DATA FOR ANALYSIS:
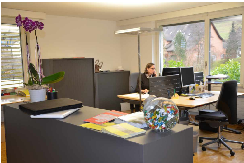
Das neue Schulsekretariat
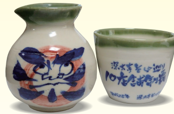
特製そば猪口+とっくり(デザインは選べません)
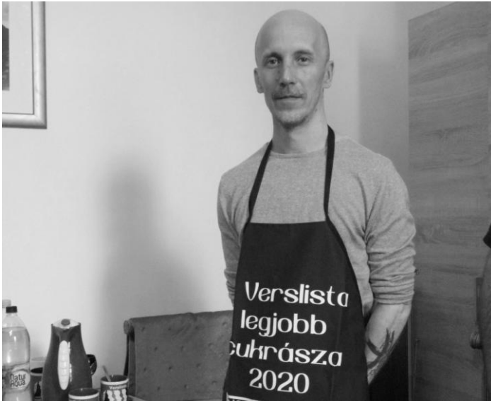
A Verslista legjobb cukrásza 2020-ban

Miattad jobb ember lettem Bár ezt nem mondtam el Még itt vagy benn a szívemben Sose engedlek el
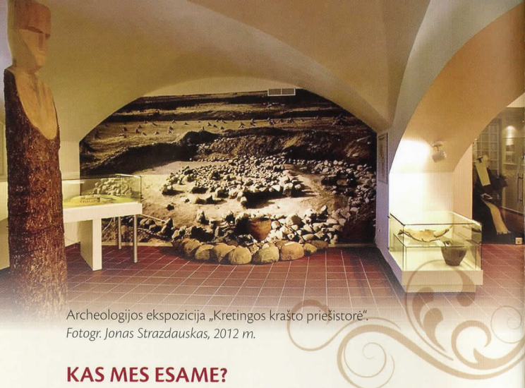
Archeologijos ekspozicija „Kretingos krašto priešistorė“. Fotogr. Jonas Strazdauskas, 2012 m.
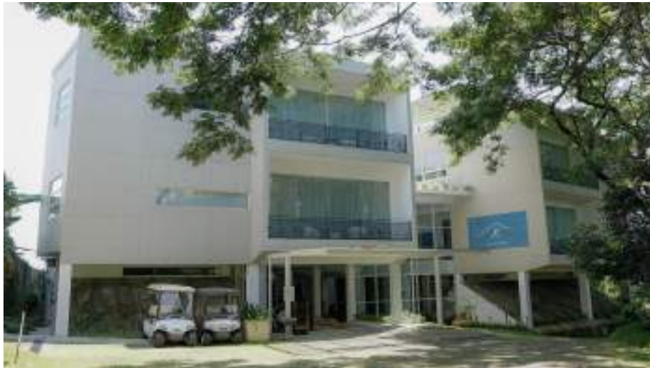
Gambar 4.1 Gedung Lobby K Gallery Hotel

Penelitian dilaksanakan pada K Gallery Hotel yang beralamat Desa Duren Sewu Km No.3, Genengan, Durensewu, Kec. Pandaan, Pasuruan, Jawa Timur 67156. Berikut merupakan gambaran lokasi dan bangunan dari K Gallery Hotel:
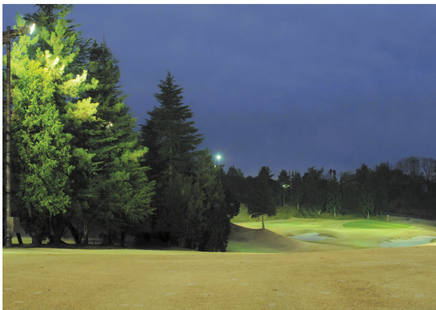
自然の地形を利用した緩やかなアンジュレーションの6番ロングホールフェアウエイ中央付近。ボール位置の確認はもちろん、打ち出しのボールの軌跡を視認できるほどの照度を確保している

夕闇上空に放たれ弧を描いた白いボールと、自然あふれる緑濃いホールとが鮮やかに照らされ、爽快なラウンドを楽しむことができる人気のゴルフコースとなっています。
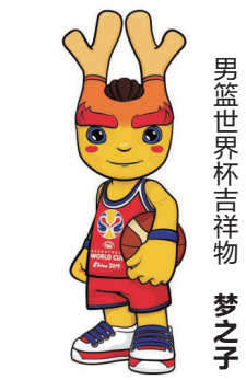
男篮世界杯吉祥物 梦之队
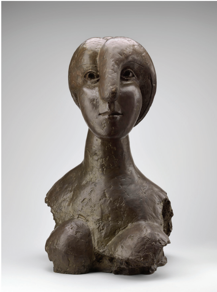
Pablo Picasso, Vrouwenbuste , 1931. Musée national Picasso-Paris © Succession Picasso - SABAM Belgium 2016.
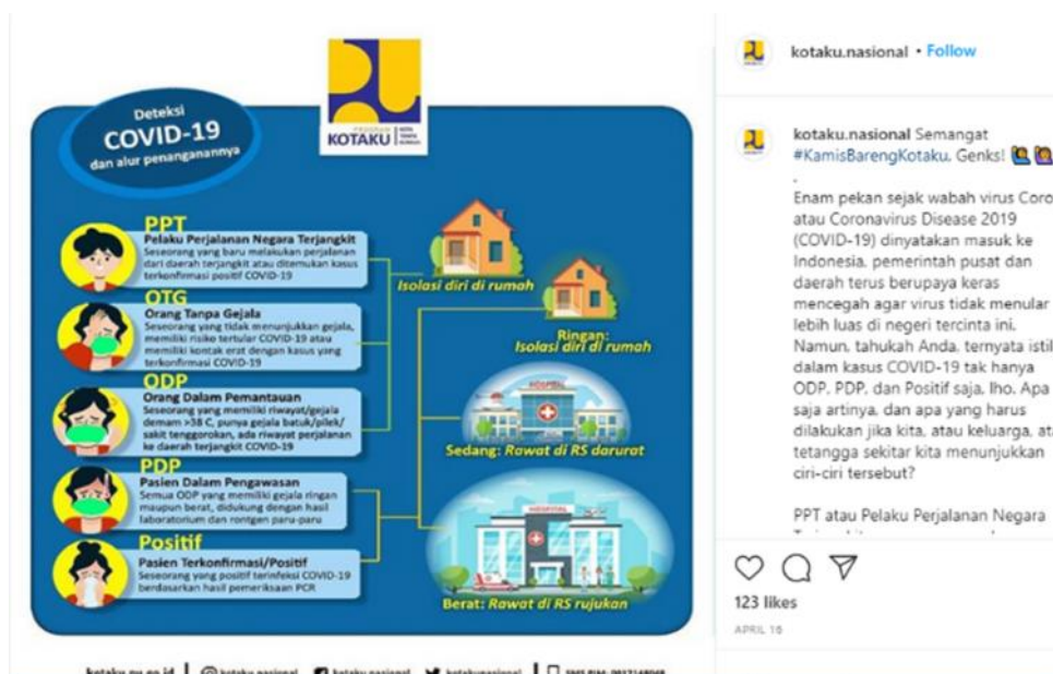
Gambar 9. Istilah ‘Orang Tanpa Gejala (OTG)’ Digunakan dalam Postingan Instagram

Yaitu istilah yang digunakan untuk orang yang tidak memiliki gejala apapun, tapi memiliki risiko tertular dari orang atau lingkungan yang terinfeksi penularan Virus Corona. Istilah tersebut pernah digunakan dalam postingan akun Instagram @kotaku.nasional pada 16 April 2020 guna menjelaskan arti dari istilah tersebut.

TASK:
Copy out the listing above in full and leave out its pictures.

OUTPUT OF THE EXERCISE:
Das neue Schulsekretariat
特製そば猪口+とっくり(デザインは選べません)
A Verslista legjobb cukrásza 2020-ban

Miattad jobb ember lettem Bár ezt nem mondtam el Még itt vagy benn a szívemben Sose engedlek el
Archeologijos ekspozicija „Kretingos krašto priešistorė“. Fotogr. Jonas Strazdauskas, 2012 m.
Gambar 4.1 Gedung Lobby K Gallery Hotel

Penelitian dilaksanakan pada K Gallery Hotel yang beralamat Desa Duren Sewu Km No.3, Genengan, Durensewu, Kec. Pandaan, Pasuruan, Jawa Timur 67156. Berikut merupakan gambaran lokasi dan bangunan dari K Gallery Hotel:
自然の地形を利用した緩やかなアンジュレーションの6番ロングホールフェアウエイ中央付近。ボール位置の確認はもちろん、打ち出しのボールの軌跡を視認できるほどの照度を確保している

夕闇上空に放たれ弧を描いた白いボールと、自然あふれる緑濃いホールとが鮮やかに照らされ、爽快なラウンドを楽しむことができる人気のゴルフコースとなっています。
男篮世界杯吉祥物 梦之队
Pablo Picasso, Vrouwenbuste , 1931. Musée national Picasso-Paris © Succession Picasso - SABAM Belgium 2016.
Gambar 9. Istilah ‘Orang Tanpa Gejala (OTG)’ Digunakan dalam Postingan Instagram

Yaitu istilah yang digunakan untuk orang yang tidak memiliki gejala apapun, tapi memiliki risiko tertular dari orang atau lingkungan yang terinfeksi penularan Virus Corona. Istilah tersebut pernah digunakan dalam postingan akun Instagram @kotaku.nasional pada 16 April 2020 guna menjelaskan arti dari istilah tersebut.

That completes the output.